*Task material*:
────────────────

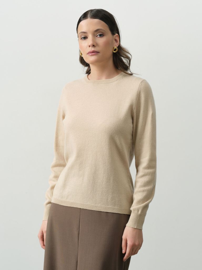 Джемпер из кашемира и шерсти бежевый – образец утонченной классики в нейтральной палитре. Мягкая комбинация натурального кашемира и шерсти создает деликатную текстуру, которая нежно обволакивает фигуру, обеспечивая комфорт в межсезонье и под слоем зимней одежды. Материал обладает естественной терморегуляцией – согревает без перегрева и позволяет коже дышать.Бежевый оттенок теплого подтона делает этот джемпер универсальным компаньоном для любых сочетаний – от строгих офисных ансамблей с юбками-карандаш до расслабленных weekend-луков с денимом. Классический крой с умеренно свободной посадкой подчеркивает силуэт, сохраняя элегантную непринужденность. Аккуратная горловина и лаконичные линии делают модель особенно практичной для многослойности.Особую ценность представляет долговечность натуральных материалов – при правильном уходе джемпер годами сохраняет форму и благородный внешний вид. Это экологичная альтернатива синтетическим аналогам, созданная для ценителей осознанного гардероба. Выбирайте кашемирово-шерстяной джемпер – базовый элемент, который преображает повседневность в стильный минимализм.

────────────────

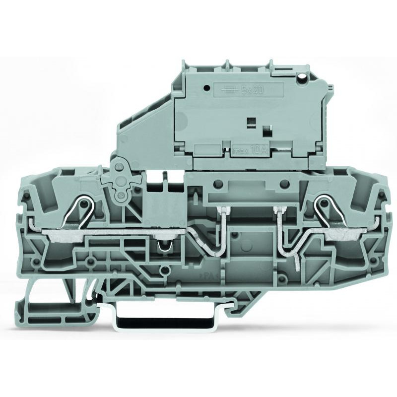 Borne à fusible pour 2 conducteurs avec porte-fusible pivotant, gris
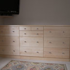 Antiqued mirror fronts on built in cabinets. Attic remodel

────────────────

*Problem requirements*:
The response must repeat exactly the lines above from the one with "Borne à fusible" through the one with "Antiqued mirror fronts", including both, and must contain no pictures and no other text.

*Solution to this task*:
 Borne à fusible pour 2 conducteurs avec porte-fusible pivotant, gris
 Antiqued mirror fronts on built in cabinets. Attic remodel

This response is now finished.